Do not contact live provider APIs. Exercise the actual recommended client
against a fake transport in Node and workerd.
Test Observable Contracts
Create original synthetic payloads from the protocol specification. Test public
behavior rather than private helpers.
Prove:
- valid and invalid authentication over exact request bytes;
- content type, malformed input, body limit, and required-header behavior;
- handshakes, mandatory acknowledgements, response serialization, errors, and
deadlines;
- provider-native payload pass-through without field renaming or valid-event
filtering;
- representative provider discriminants and an authenticated future or
otherwise unmodeled discriminant when the type system permits it;
- tenant/application identity checks where configuration fixes that identity;
- delivery, batching, retry, and conversation identity semantics;
- optional route publication;
- actual execution in Node and workerd;
- the example's outbound request construction through a fake transport;
- Node and Cloudflare example builds.
Do not claim Cloudflare support from bundling alone. Execute the verification
path and canonical example client in workerd with Flue's required
nodejs_compat configuration. Node API usage is acceptable when Cloudflare
implements the required behavior, but imports backed only by non-functional
compatibility stubs are not. Actual workerd execution remains the gate.

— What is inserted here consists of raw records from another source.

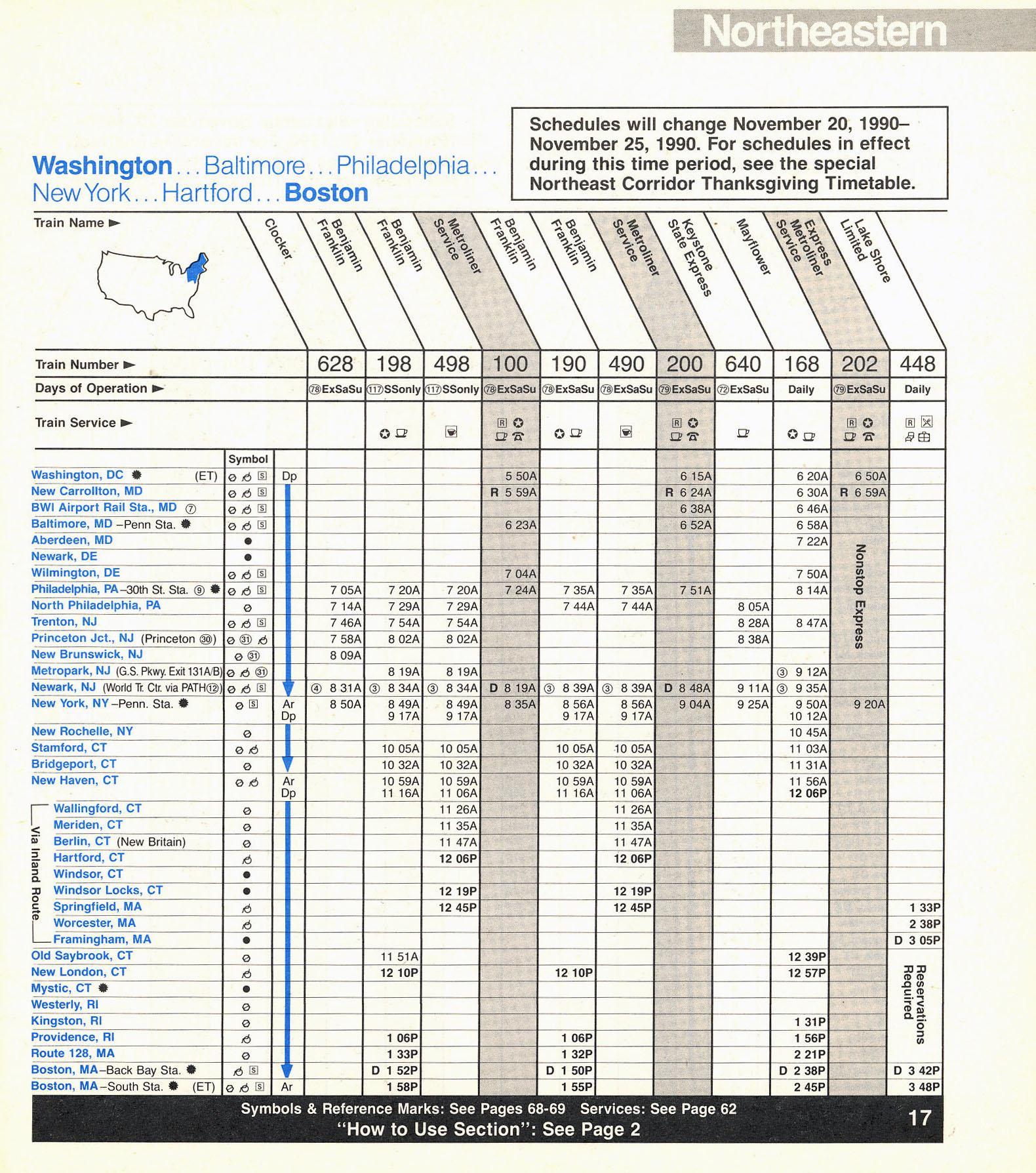 This timetable image is ©1990 National Railroad Passenger Corporation (Amtrak).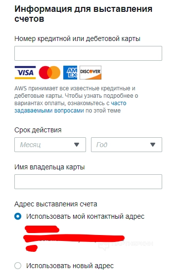 Далее пользователю необходимо ввести номер кредитной или дебетовой карты, адрес выставления счета.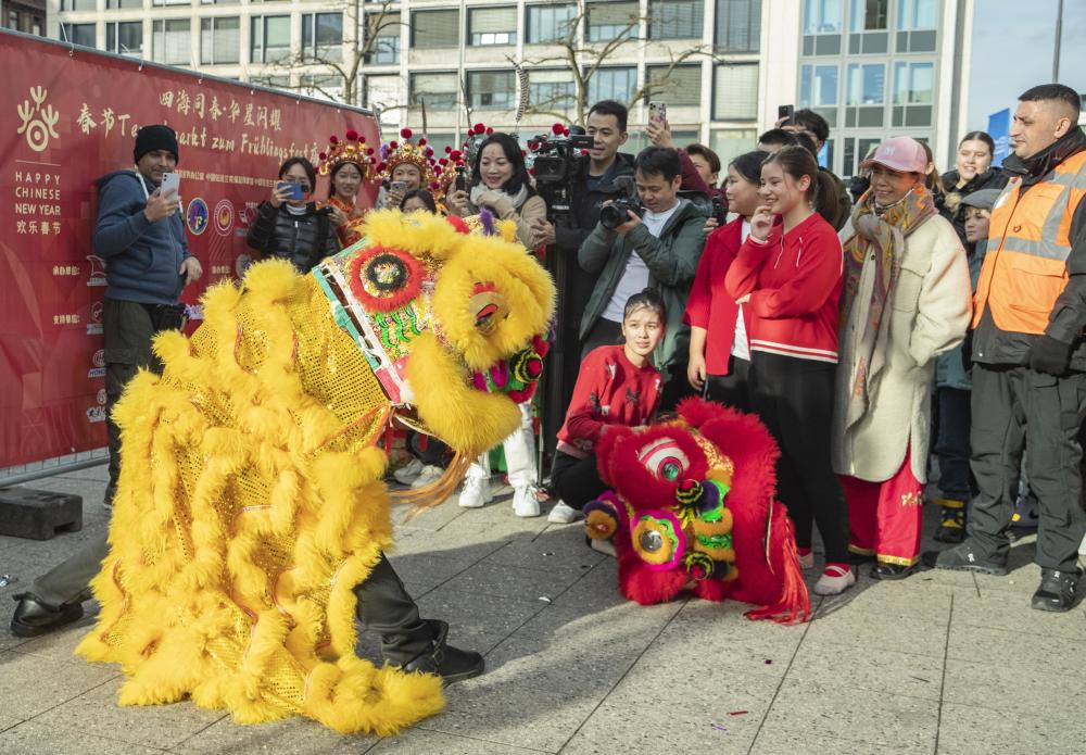 1月31日,在德国法兰克福市中心卫戍广场,舞狮演员与观众互动。新华社记者 张帆 摄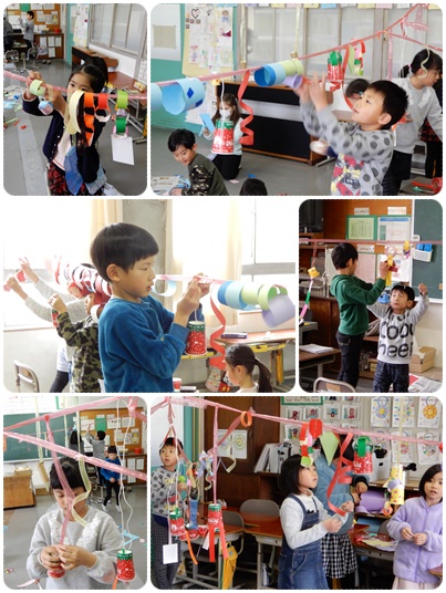 つないで つるして 公開日 2020/01/16 更新日 2020/01/16 水南HP 2年生の図工です。教室に張り巡らしたカラフルなラインに、みんなでつくったきれいなかざりや素敵なオブジェがつるされました。子どもたちは夢中になってかざっています。教室が夢の部屋のようになっていきました。 いいね(0)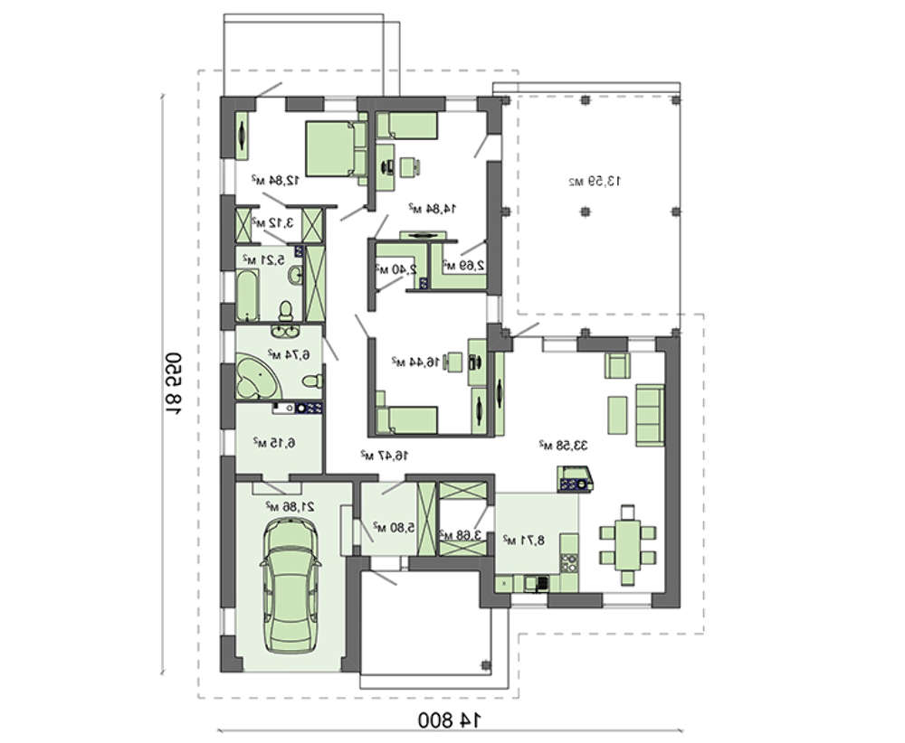 Проект одноэтажного коттеджа с большой террасой 4M322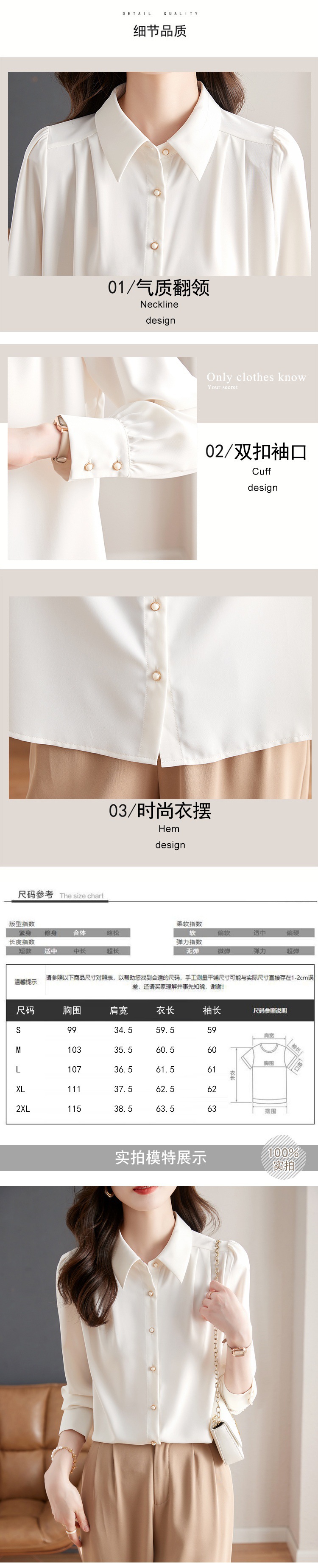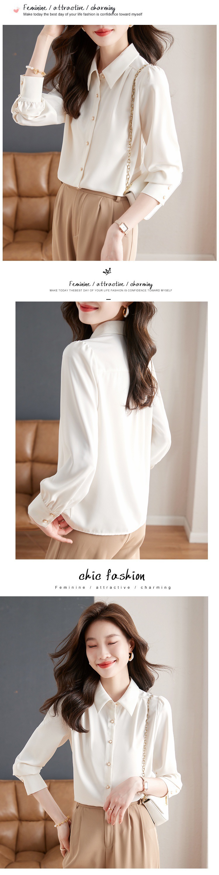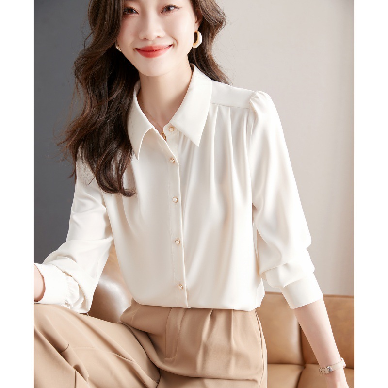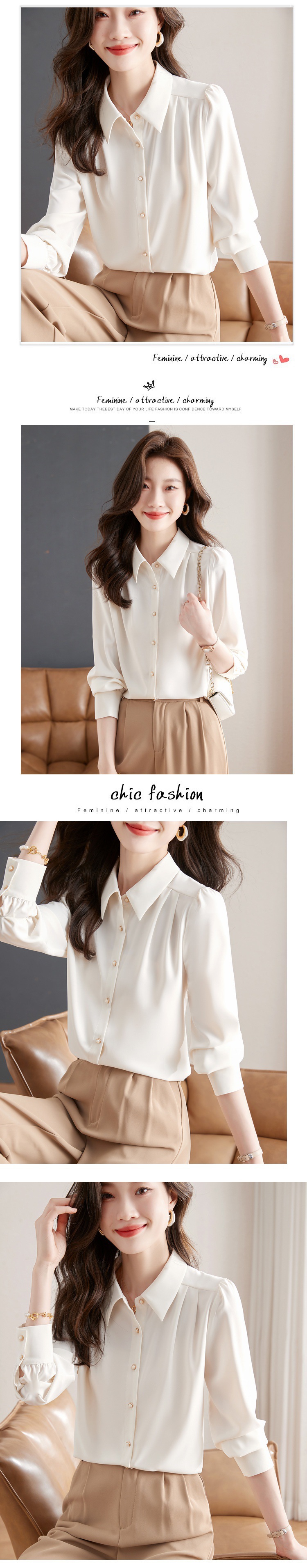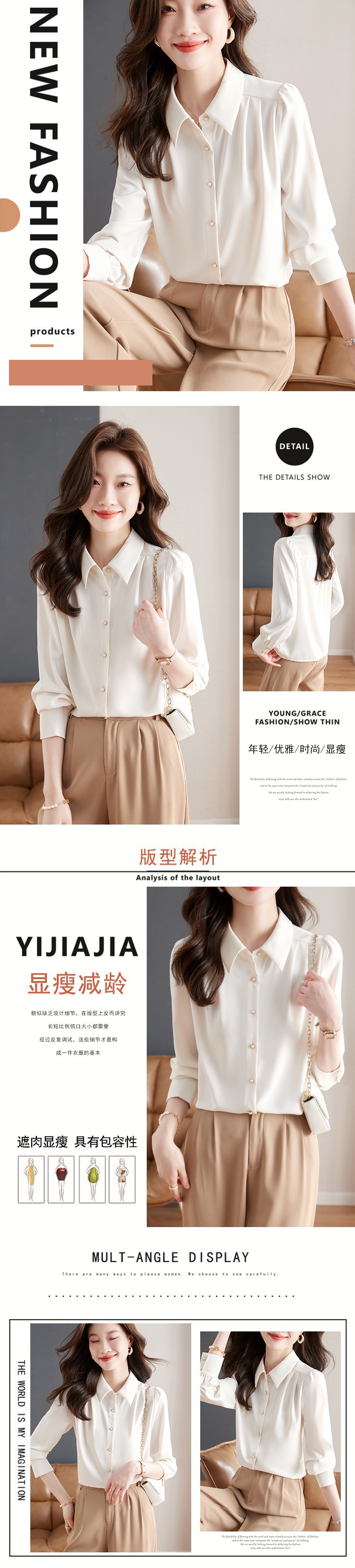 엄선된 신년 봄 의류, 통근 이너웨어, 틈새 탑, 라펠 셔츠, 여성용 긴팔 쉬폰 셔츠스토어 가기
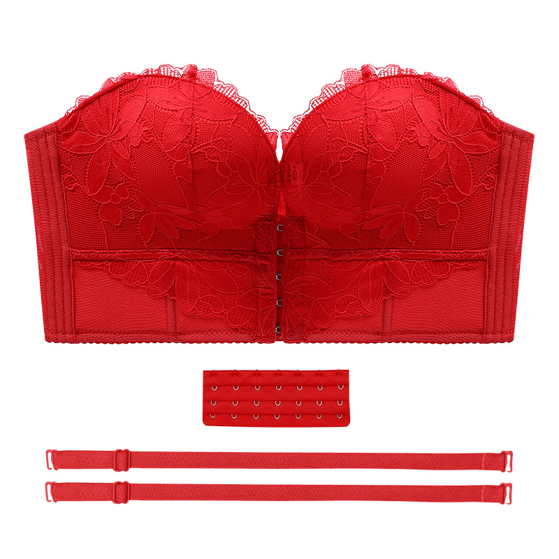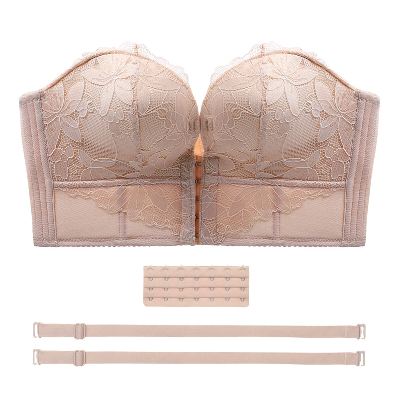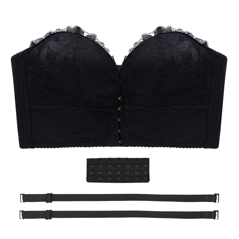 봄여름 작은 가슴용 앞뒤 버튼식 손바닥 모양 모아주는 노와이어 브라, 사이드 라인 높이 조절 가능, 스트랩 없는 여성 속옷 도매스토어 가기

Audit Artifacts And Developer Surfaces
Run focused package and example checks during implementation, then the relevant
repository-wide gates. Prepare and pack the package, inspect the tarball, and
compile a clean strict consumer from packed artifacts. Exercise the named
blueprint through the real built flue add path and build the documentation and
blueprint registry.
Run a built-example webhook smoke test with locally generated valid and invalid
requests. Confirm that no test or build contacts the provider.
Use the audit matrix for the complete evidence set and adapt commands to the
current package scripts. Do not add a generic conformance script or duplicate
provider protocol assertions outside provider-owned suites.
Run A Scope And Simplicity Audit
Before final review, examine every public option, type, validation branch,
helper, response path, and test for whether its value justifies making Flue
responsible for it. Prefer deletion and standard platform behavior when the
provider contract does not require custom machinery.
Apply these questions:
- Does request authentication already establish the identity that another
constructor option or allowlist rechecks? Do not turn application
authorization policy into channel verification without a concrete protocol
requirement.
- Does a package-owned timeout actually cancel work? Do not race a callback
against a timer when the callback can continue after the response; document
the provider deadline and let applications admit durable work promptly.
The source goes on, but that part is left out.